Math Education Should Be About Wellness, Not Success.

Sunil Singh
5 min readJul 10, 2019

Last year a research article entitled “Spotlight on Math Anxiety” was published. Not much surprised me — unfortunately. However, there was one statistic that unveiled the depth — and most likely historic prevalence — of the problem.

93% of Americans reported some level of math anxiety in their lifetime.

Let that sink in for a while. Imagine multiplying the the number of people this has affected over, let’s say, the last 25 years by the hours these people have been consumed with some negative experience of mathematics. We are probably talking billions of hours where mathematics is a source of anxiety, discomfort, or pain.

Yes, high stakes testing and meaningless homework are two of the biggest contributors to this mathematical malaise, but there are many other factors. The biggest problem why these factors are addressed with the the seriousness and effort they deserve is that mathematics is intertwined in a most deleterious fashion with the performance culture of being successful.

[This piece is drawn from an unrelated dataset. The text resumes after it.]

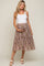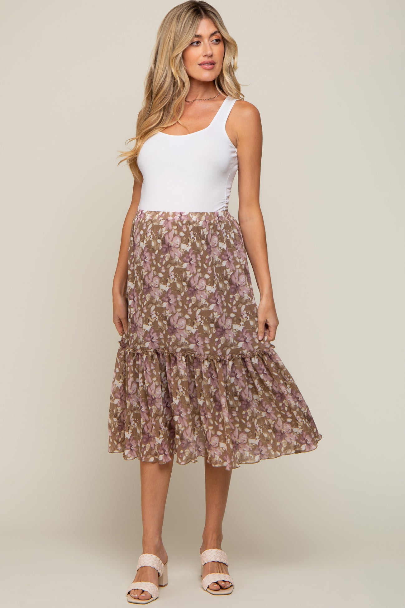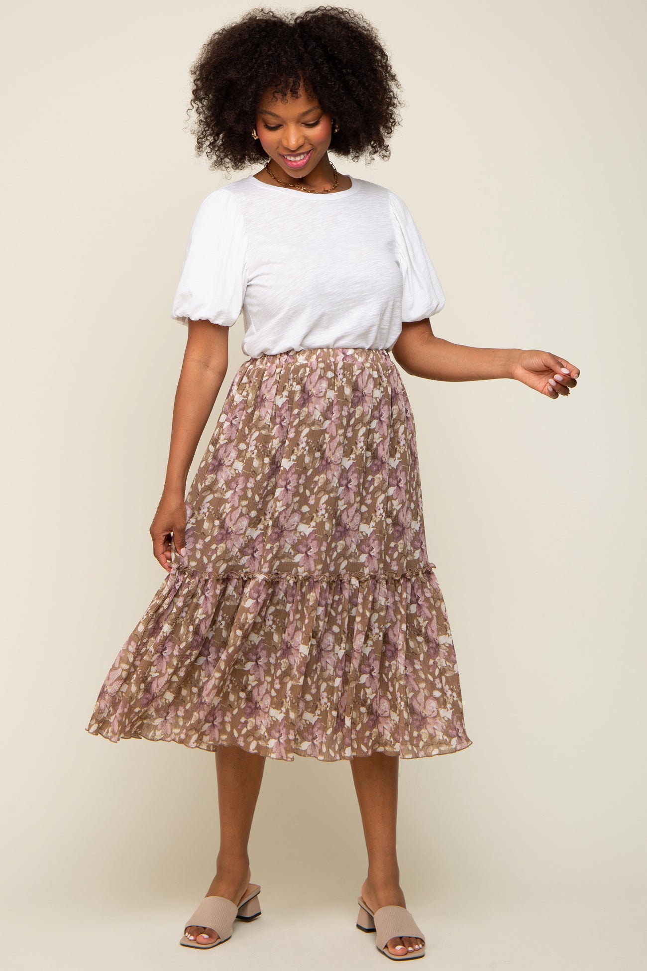 Mocha Floral Plisse Ruffle Accent Maternity Midi Skirt
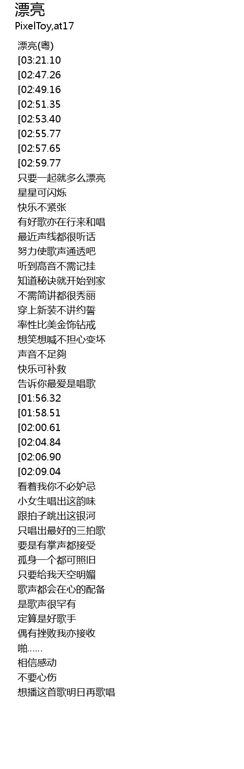 | [00:14.30] [03:21.10] | PixelToy-漂亮(粤) |

Success. Who wouldn’t want to be successful in math and in life, right? The problem is that the way that word is used in both situations is related to performance that can be measured/observed. Correct answers, test scores, and grade point averages in math education. STEM jobs, salary, and title in life.

It’s all about sorting, ranking, sifting, labeling, etc. The better the marks, the better opportunities for financial gain/status.

The current message — direct or not — is that learning mathematics is about being successful in mathematics, and being successful in mathematics means being successful in life…

That narrative. That story. That is one of the unhealthiest ideas that has invaded education and metastasised over time.

In 2012, Deepak Malhotra gave a talk to the graduating class of the Harvard Business School. He reminded the class that they represent the top 1/1000th of one percent of the people in the world in terms of future wealth potential, health potential, networking, etc.

He also told them that a lot of you(the HBS graduates) will be unhappy in the years to come. I strongly suggest you watch the whole thing. I probably watched it at least a dozen times.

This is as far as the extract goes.